Henry responds to the news by slogging home barefoot in the rain. It’s 1925. The place: Canyon County, Idaho. Henry is sixty-seven, a retired professor and a widower who has been told a warmer climate would make the end more tolerable. San Diego would be a good choice.

Instead, Henry chose Fairhope, Alabama, a town with utopian ideals and a haven for strong-minded individualists. Upton Sinclair, Sherwood Anderson, and Clarence Darrow were among its inhabitants. Henry bought his own ten acres of piney woods outside Fairhope. Before dying, underscored by the writings of his beloved Tolstoy, Henry could begin to “perfect the soul awarded him” and rest in the faith that he, and all people, would succeed, “even if it took eons.” Human existence, Henry believed, continues in a perfect circle unmarred by flaws of personality, irrespective of blood and possessions and rank, and separate from organized religion. In Alabama, until his final breath, he would chase these high ideas.

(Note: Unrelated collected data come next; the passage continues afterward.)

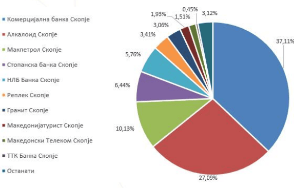 Овие пет акции со 3.980.000.826 денари (64,7 милиони евра) зафаќаат 41,5 отсто од вкупниот берзански промет остварен во текот на минатата година.
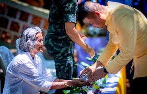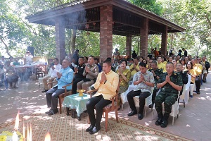 โอกาสนี้ พลโท ไพศาล หนูสังข์ แม่ทัพภาคที่ 4 / ผู้อำนวยการรักษาความมั่นคงภายในภาค 4 ได้กล่าวพบปะ พร้อมอวยพรแก่พุทธศาสนิกชนที่ร่วมงานว่า “การส่งเสริมกิจกรรมทางศาสนานับเป็นอีกหนึ่งภารกิจสำคัญ ที่ทางกองอำนวยการรักษาความมั่นคงภายในภาค 4 ส่วนหน้า ได้ดำเนินการอย่างต่อเนื่อง โดยมี พลเอก มณี จันทร์ทิพย์ ที่ปรึกษาผู้อำนวยการรักษาความมั่นคงภายในภาค 4 เป็นผู้ดูแลภารกิจโดยตรง วันนี้เนื่องในวันสงกรานต์ วันครอบครัว วันผู้สูงอายุ ก็ถือโอกาสอวยพรให้บุญกุศลที่ร่วมกันทำในวันนี้ ส่งผลให้ทุกคนมีแต่ความสุข แคล้วคลาดปลอดภัย คิดสิ่งใดก็สมหวังทุกประการ“
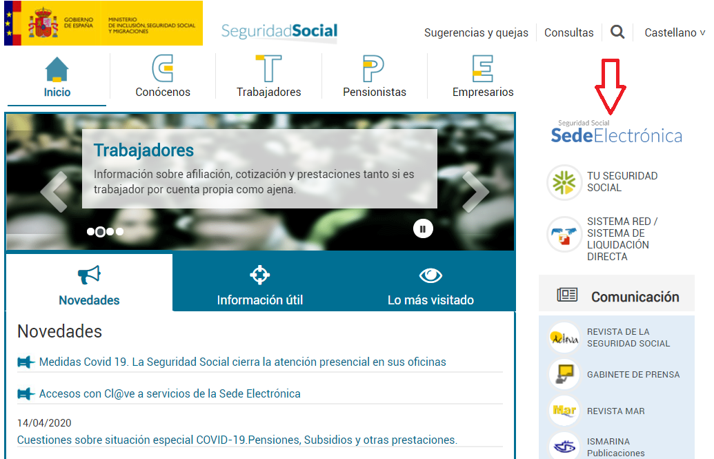 1.- Entramos en la web de la Seguridad Social
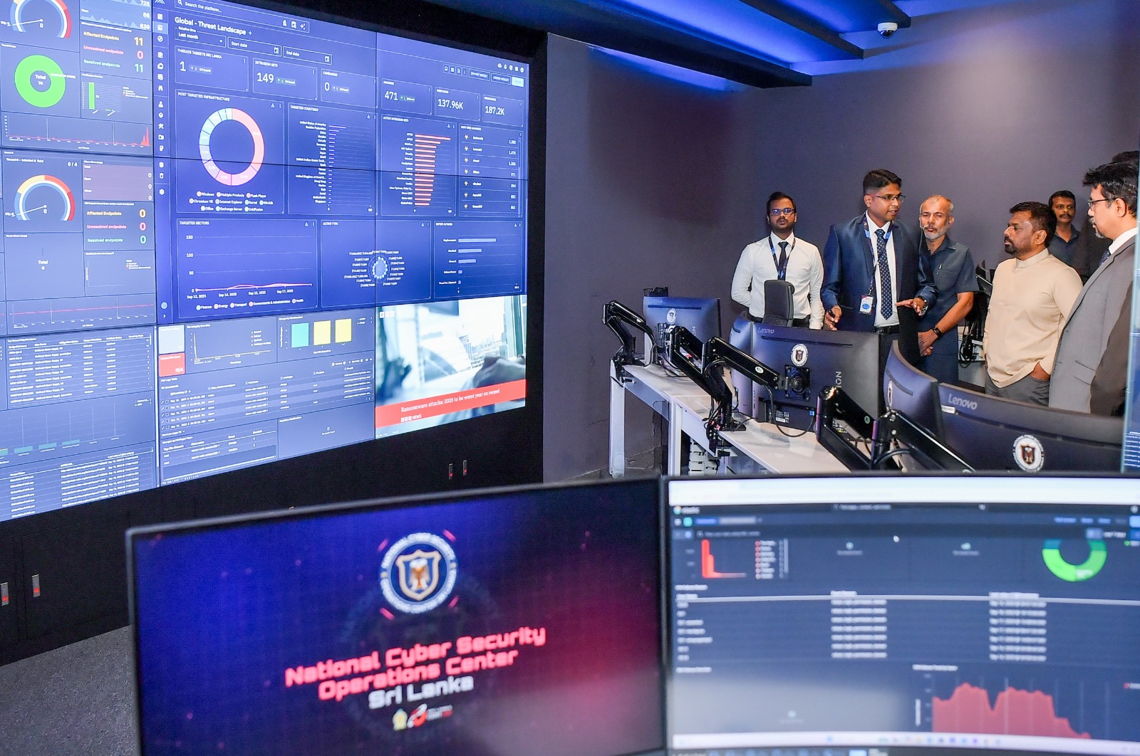 இன்று ஆரம்பிக்கப்பட்ட தேசிய சைபர் பாதுகாப்பு செயற்பாட்டு மத்திய நிலையத்தின் மூலம் குடிவரவு மற்றும் குடியகல்வுத் திணைக்களம், போக்குவரத்துத் திணைக்களம் மற்றும் உள்நாட்டு இறைவரித் திணைக்களம் உள்ளிட்ட முக்கியமான டிஜிட்டல் உட்கட்டமைப்பு வசதிகளை பேணும் 37 நிறுவனங்களை 24 மணிநேரமும் கண்காணித்து, அவற்றுக்கு விடுப்படும் சைபர் அச்சுறுத்தல்களை அடையாளம் காண நடவடிக்கைகள் மேற்கொள்ளப்படும்.
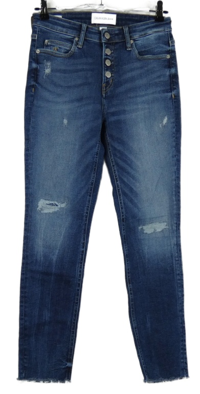 • Dámské tmavomodré roztřepené kotníkové rifle s dírami Calvin Klein vel. 29
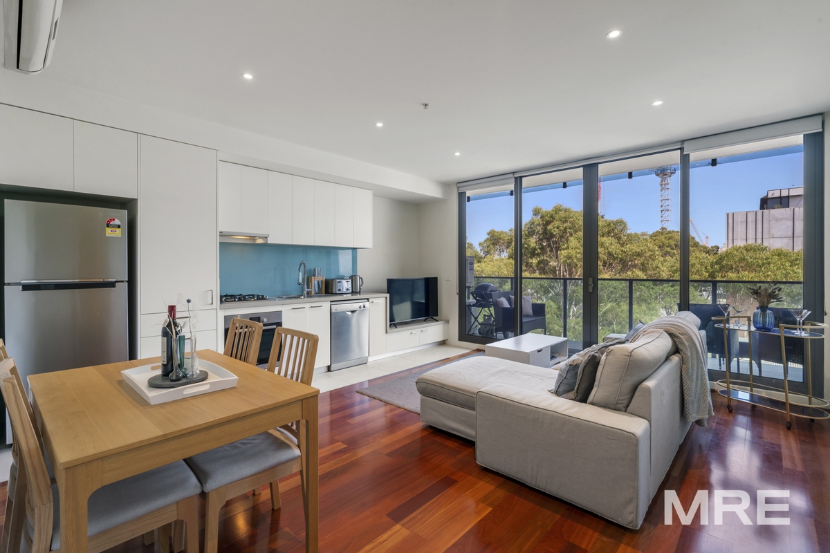 Embrace urban living in this sleek furnished 4th-floor apartment, perfectly positioned in vibrant South Yarra. Overlooking lush parklands, this contemporary retreat offers an open-plan living and dining area complemented by a stylish stone kitchen with Bosch appliances and ample storage. Double sliding doors lead to a spacious balcony, providing stunning views of a dynamic cityscape blending historic charm with modern elegance.
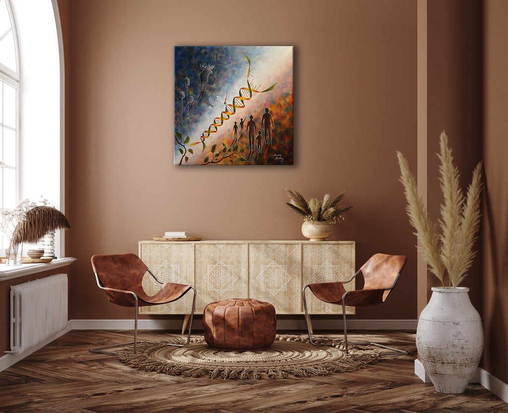 Original akrylmålning på 3D duk, 80x80x4cm målade kanter runt om samt färdig att hängas upp.
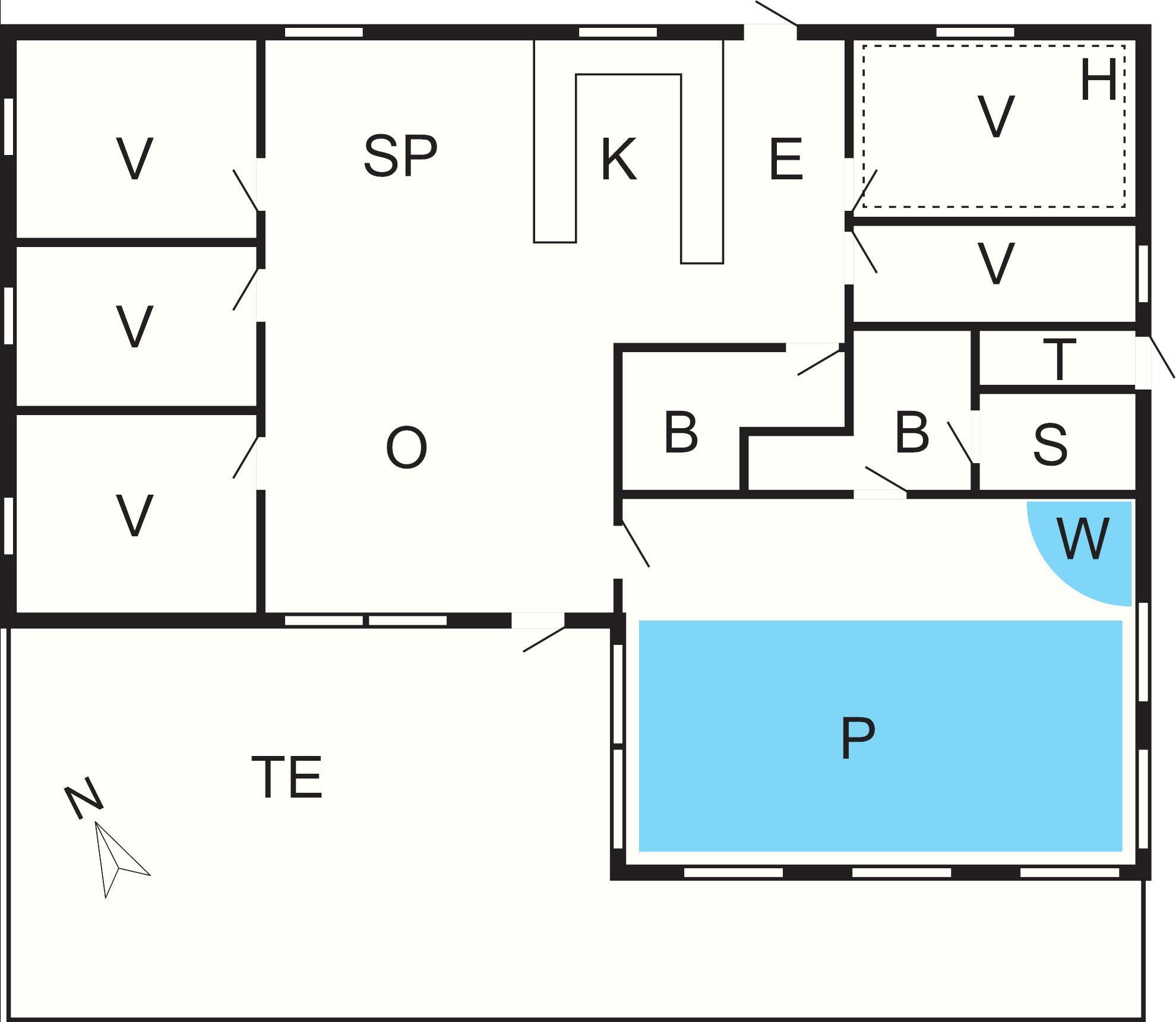 Der er en stor swimmingpool, spabad og sauna. Fra stuen kan I holde øje med poolen, da et stort glasparti adskiller poolrummet fra resten af sommerhuset. Det betyder, at I kan holde et vågent øje med børnene, mens de boltrer sig i det lune vand.
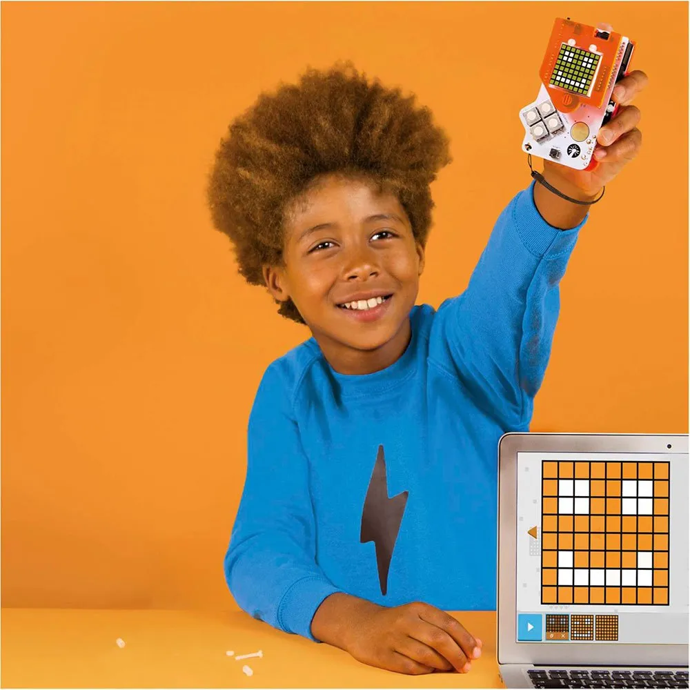 De Gamer Kit is een eenvoudig te bouwen kit voor kinderen waarmee ze hun eigen handheld-games kunnen coderen! Met behulp van ons gratis online coderingsplatform leren kinderen klassieke games hacken en coderen om hun vaardigheden op te bouwen voordat ze hun eigen games ontwerpen en coderen. Kinderen bedenken, programmeren en spelen hun eigen spellen terwijl ze belangrijke creatieve denk- en probleemoplossende vaardigheden leren. En met ons gratis online MAKE-platform zijn er tientallen projecten die ze kunnen maken!
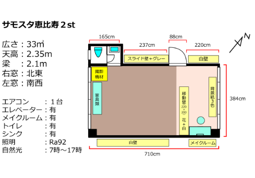 同ビルに50㎡の1号店、全て白の3号店があり、大規模な撮影会にも対応可能。
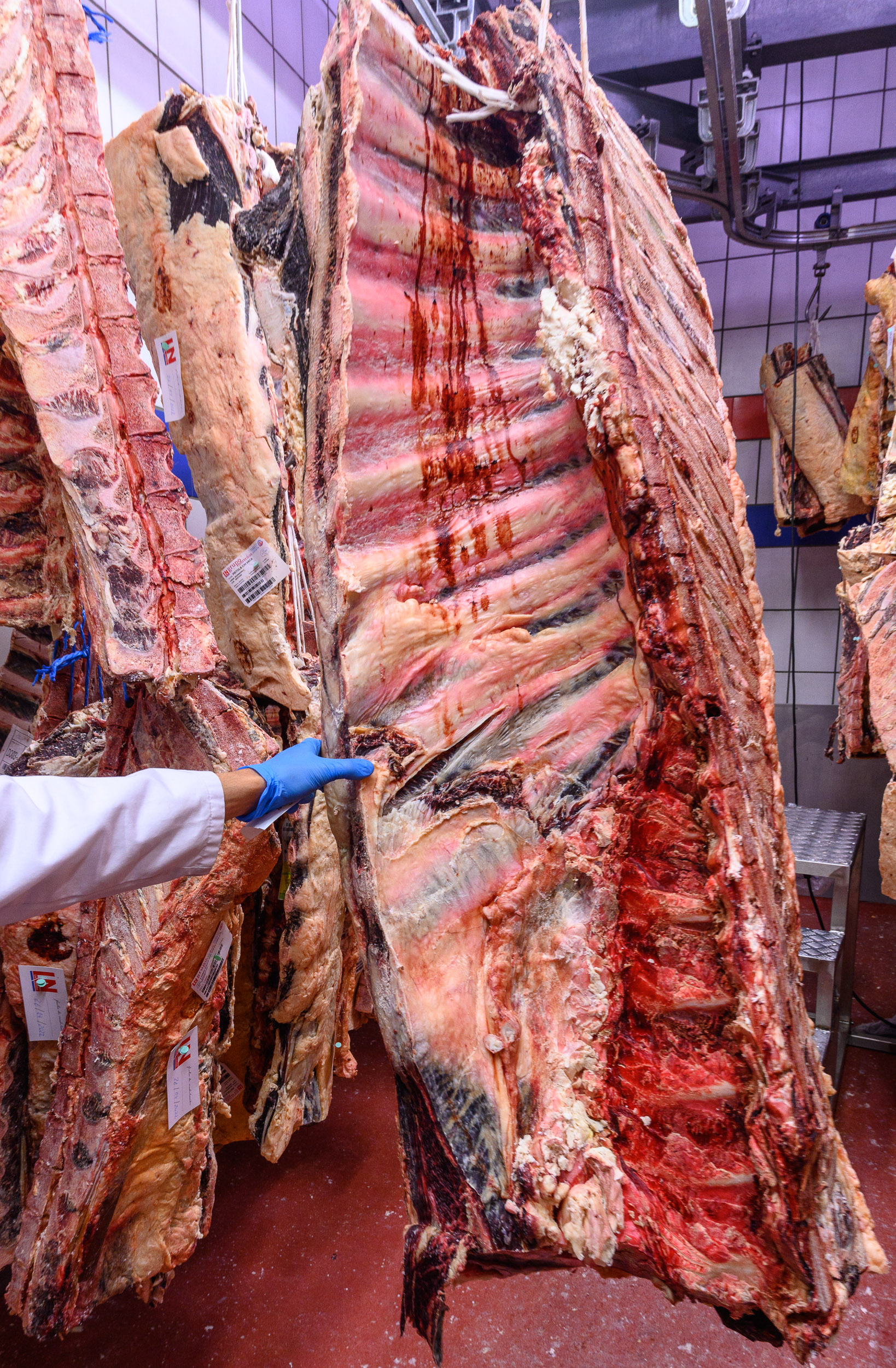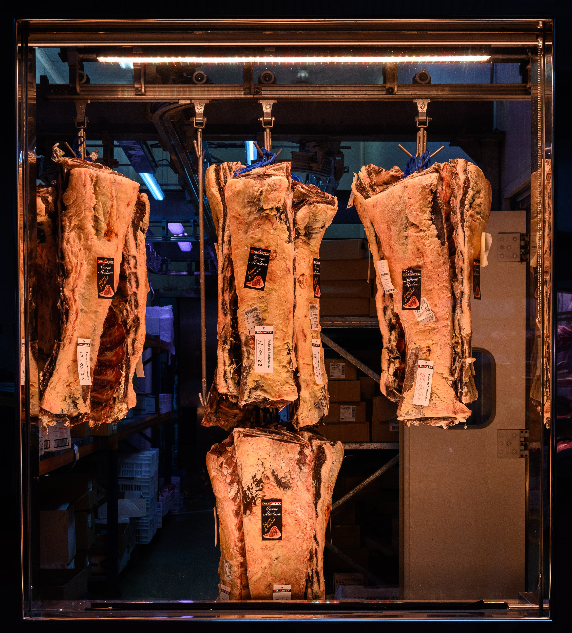 Una impresionante pieza de buey esperando acabar su proceso de maduración.

But first, Henry had to answer up for leaving Idaho. Henry’s dearest friend and intellectual sparring partner, Pastor Will Webb, and Henry’s two adult sons, Thomas and Harvey, were baffled and angry that he would abandon them and move to the Deep South, living in a barn there while he built a round house of handmade concrete blocks. His new neighbors were perplexed by his eccentric behavior as well. On the coldest day of winter he was barefoot, a philosopher and poet with ideas and words to share with anyone who would listen. And, mysteriously, his “last few months” became years. He had gone looking for a place to learn lessons in dying, and, studiously advanced to claim a vigorous new life.

The Poet of Tolstoy Park is a moving and irresistible story, a guidebook of the mind and spirit that lays hold of the heart. Henry Stuart points the way through life’s puzzles for all of us, becoming in this timeless tale a character of such dimension that he seems more alive now than ever.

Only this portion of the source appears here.